第1章 またわざと罠にかかってしまった。
罠が密集する広間を抜けたところに宮殿の沈んだ水場が現れた。こういう変化に富んだ唐突な地形がダンジョンの面白いところだ。
底の見えない澄んだ水を湛えた泉を覗き混むと、遥か深いところに泳ぐ魚人の郡影が見えた。間近で見る魚人はあまりウツクシイものではないけれど、こうして見ると幻想的で悪くない。魚人は遠くから見るに限る。
「ここなら大丈夫だろ」
ふうとひと息吐いてチルチャックが私の手を放した。慎重に罠を避けながら私を誘導して来るのに気を張ったのだろう。
チルチャックは責任感が強い。そこがまた好きだ。
すぐ毒づく上に逃げ足も速いけれど、勝算のない仲間を見捨てるような真似はしない。増して怪我人を置き去りになんか、絶対にしない。私はそんなチルチャックの面倒見の良さやモラルを利用して自分の恋心を満たしている。
チクリと胸が痛んだ。
「早いとこその傷を何とかしろ。この状況で魔物が出たら洒落にならん」
石畳の上に腰を下ろし、チルチャックは注意深く周りを見回した。もう片方の皮手袋も外して、愛用のピッキングツールを床に広げる。器用な指先がツールを丁寧に手際よく点検する様はいくら見ても見飽きない。
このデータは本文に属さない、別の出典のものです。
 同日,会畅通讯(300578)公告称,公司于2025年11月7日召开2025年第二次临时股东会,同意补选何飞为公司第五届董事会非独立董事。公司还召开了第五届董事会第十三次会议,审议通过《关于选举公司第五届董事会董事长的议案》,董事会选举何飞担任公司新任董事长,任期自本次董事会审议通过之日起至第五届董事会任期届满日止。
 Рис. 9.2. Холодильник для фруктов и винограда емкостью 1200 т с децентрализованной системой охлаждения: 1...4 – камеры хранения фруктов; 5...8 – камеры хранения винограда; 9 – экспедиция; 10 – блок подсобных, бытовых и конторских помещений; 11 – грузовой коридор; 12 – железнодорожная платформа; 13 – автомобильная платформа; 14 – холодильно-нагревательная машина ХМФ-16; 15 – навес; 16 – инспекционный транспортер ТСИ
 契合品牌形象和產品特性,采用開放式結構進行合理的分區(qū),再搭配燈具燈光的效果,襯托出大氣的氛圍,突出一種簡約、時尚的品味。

口を半分開けて見守っていたら、ムッとした剣呑な目を向けられた。
「おい!間抜け面してないでさっさと回復魔法を使え!この階層はグズグズしてたら…」
刺のある言葉が吐き出されきる前に辺りが急にムワッと蒸し暑くなる。チルチャックはハッとして中腰を上げた。こっちを指差して逼迫した声を上げる。
「くそ、言わんこっちゃない!早く傷を治せ、バカ!」
慌てて呪文を唱えて逆手に握った杖の先を脇の傷に当てた。こうしている間にも蒸し暑さは増して、額にじわりと汗が浮き出す。
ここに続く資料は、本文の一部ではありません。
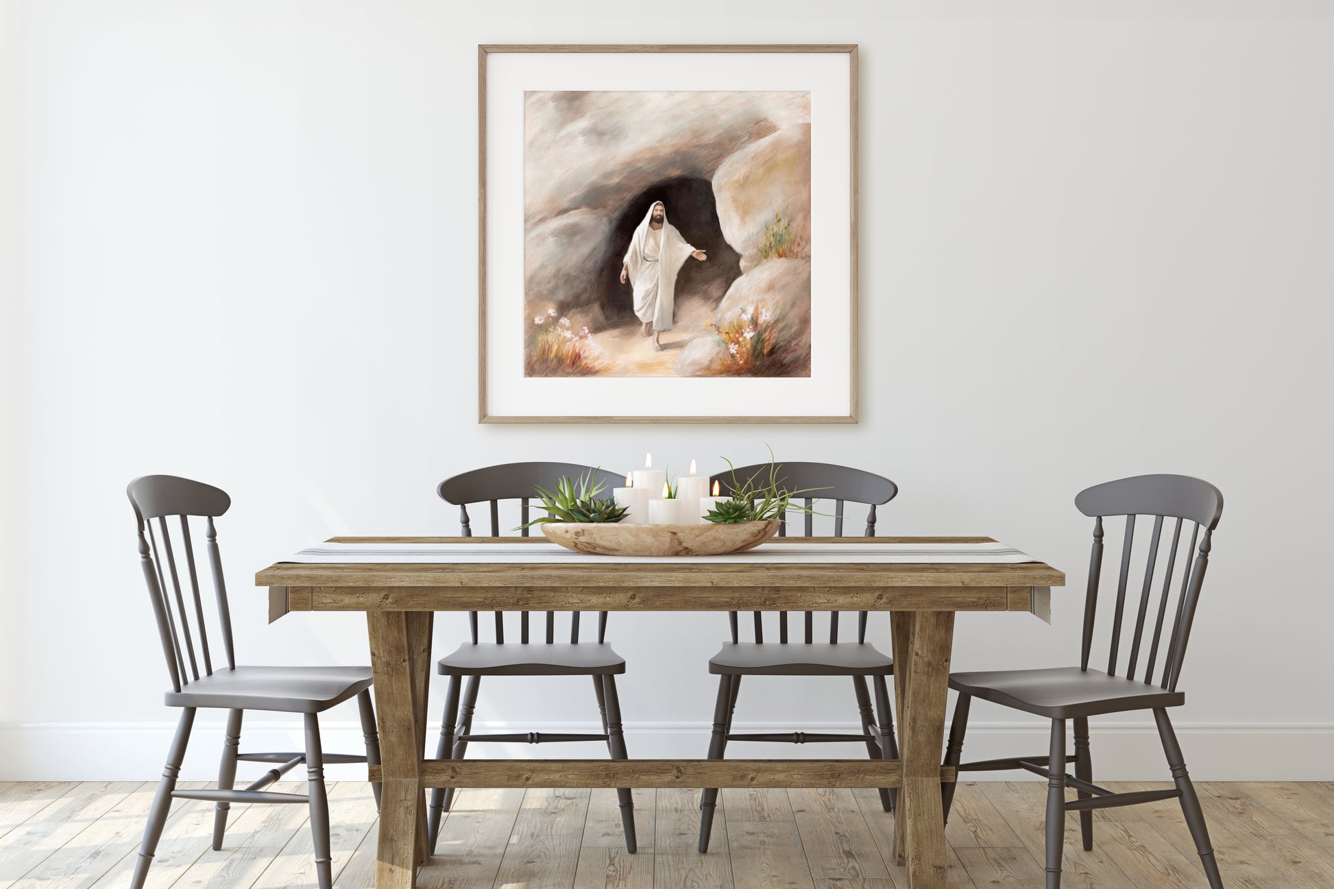 Elevate your space with this 'Jesus Is Risen' wall art, perfect for any Christian home. This exquisite piece features Jesus after he is risen from the dead, celebrating the resurrection of Jesus Christ. Ideal for Easter wall decor or year-round display, it's a beautiful reminder of hope and renewal.

この階層は気温が不安定で、不意に亜熱帯の気候のように異様に蒸し暑くなることがあるのだ。
「暑いね」
へらっと笑って話しかけたら、チルチャックの目が吊り上がった。
「口聞いてる間に傷を治せ!暑くなるとお前…ッ」
そう。
暑くなると私はほぼ使い物にならなくなるのだ。極北の出身で寒さには強いのだけれど暑さには異常と言えるくらい弱い。
目に流れ込む滝のような汗のせいで視界が霞むが、傷は何とか治癒出来た。勿論チルチャックはこんなに汗をかいていない。他の北方の仲間だって私程ひどくへばりはしない。私がちょっとおかしいのだ。